学ぼうとする3つの理由~今、求められるのは感染動機

先日、「子どもの好奇心の伸ばし方」という講演会が行われた。そこで、SAPIX YOZEMI GROUPの高宮敏郎共同代表は、宮台真司氏の著書『14歳からの社会学』にある「学ぼうとする3つの理由」について言及されたそうです。

>「人が何かを学ぼうとするときには、競争動機、理解動機、感染動機がある。競争動機というのは勝ったら嬉しいということ。理解動機というのは分かったときの喜び。もう一つの感染動機というのは、なじみが薄いかもしれないが、一言で言うと憧れ。こういう人になりたいといったモチベーション。」

宮台氏の著書は2008年に出版されたものですが、この3つの動機の内の『感染動機』は、今最も必要とされる重要な動機だと思う。我々大人が子供たちの憧れの存在になれているか。改めて自分の日々の仕事を思い返すいい機会となった。
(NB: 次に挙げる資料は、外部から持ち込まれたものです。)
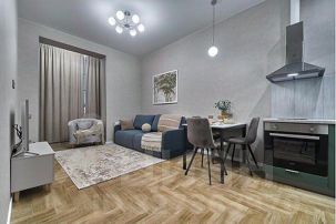 - Телевизор SMART-TV, СВЧ, варочная панель, духовка, посудомойка, холодильник, стиральная машина, фен, утюг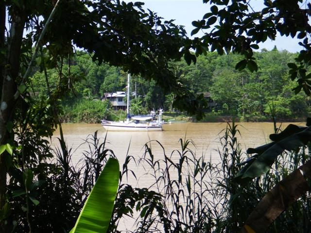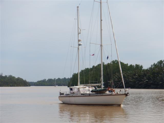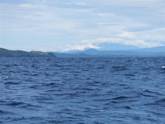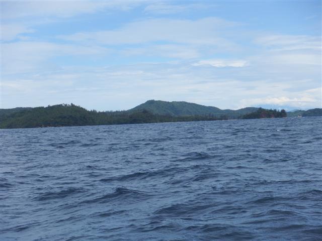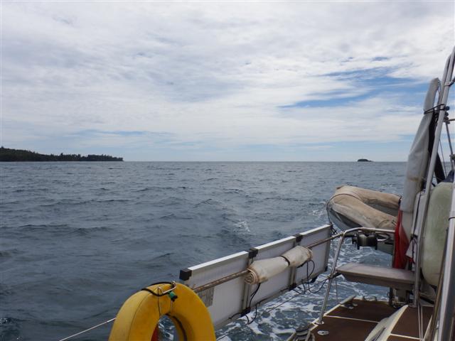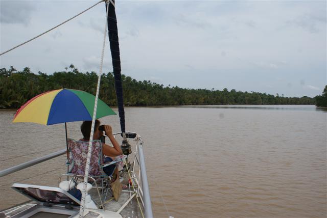 Bill had already managed to get the snubber off earlier so I crawled to the bow to guide Bill with hand signals as we raised our anchor. After about 10minutes of screaming into the wind and gesticulating frantically the anchor lifted clear of the water but not without a massive thump on the bow as it swung clear of the water. We motored to the other side of the bay, where there was a bit more shelter from the strong current that was pulling us towards the island, and re-anchored. Needless to say the trip ashore was cancelled and I didn’t get to see the turtles laying their eggs or release the baby turtles.

感染動機と聞いて、スポーツ選手への憧れがぱっと頭に浮かんだ。子供の頃、スポーツ選手の素晴らしいプレーに魅了され、できもしないのに夢中になってその選手のプレーを真似ていた。その時、頭の中には「できる・できない」ではなく、「自分もやってみたい」という思いしかなかった。

大人の役目は、子供たちにこの『感染動機』をいかに与えられるかにかかっているのではないか。

そういった意味では、日々仕事に取り組むとき、「できる・できない」と考えるより「まずやってみる」という行動に移すことを意識したい。我々大人が夢中になって仕事に取り組む姿勢が、子供たちへの感染動機となれば、日本人の活力低下問題は改善に向かうと思う。